(Directions): Print out the data that follows exactly, character for character, apart from the pictures.

(Source material):
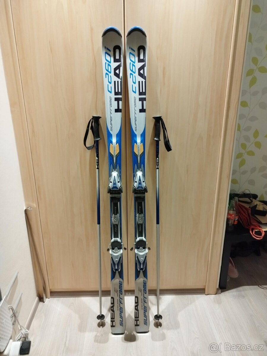 Sjezdové carvingové lyže HEAD v délce 170 cm, radius 14.7 m + Vázání Tyrolia SuperLite SL10 + Hůlky HEAD 125 cm.
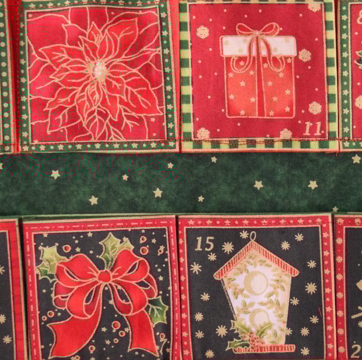 A beautiful and traditional dark red and green advent calendar with festive icons depicted on each pocket. The calendar is padded slightly and backed with a plain cotton, it also has three hanging loops as well as dowling and ribbon to help with hanging. This calendar has plenty of space for adding your own sweets and can be reused each year. This advent calendar can become a family heirloom.
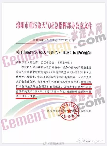 12月16日,綿陽市重污染天氣應急指揮部發布了《關于12月16日中午12時起將重污染天氣橙色預警降級為黃色預警的通知》,12月17日,重污染天氣應急指揮部發布《解除重污染天氣黃色預警》稱,按照《綿陽市重污染天氣應急預案》有關規定,綿陽市重污染天氣應急指揮部決定于2019年12月17日中午12時解除重污染天氣黃色(III級)預警。

(Your solution):
 Sjezdové carvingové lyže HEAD v délce 170 cm, radius 14.7 m + Vázání Tyrolia SuperLite SL10 + Hůlky HEAD 125 cm.
 A beautiful and traditional dark red and green advent calendar with festive icons depicted on each pocket. The calendar is padded slightly and backed with a plain cotton, it also has three hanging loops as well as dowling and ribbon to help with hanging. This calendar has plenty of space for adding your own sweets and can be reused each year. This advent calendar can become a family heirloom.
 12月16日,綿陽市重污染天氣應急指揮部發布了《關于12月16日中午12時起將重污染天氣橙色預警降級為黃色預警的通知》,12月17日,重污染天氣應急指揮部發布《解除重污染天氣黃色預警》稱,按照《綿陽市重污染天氣應急預案》有關規定,綿陽市重污染天氣應急指揮部決定于2019年12月17日中午12時解除重污染天氣黃色(III級)預警。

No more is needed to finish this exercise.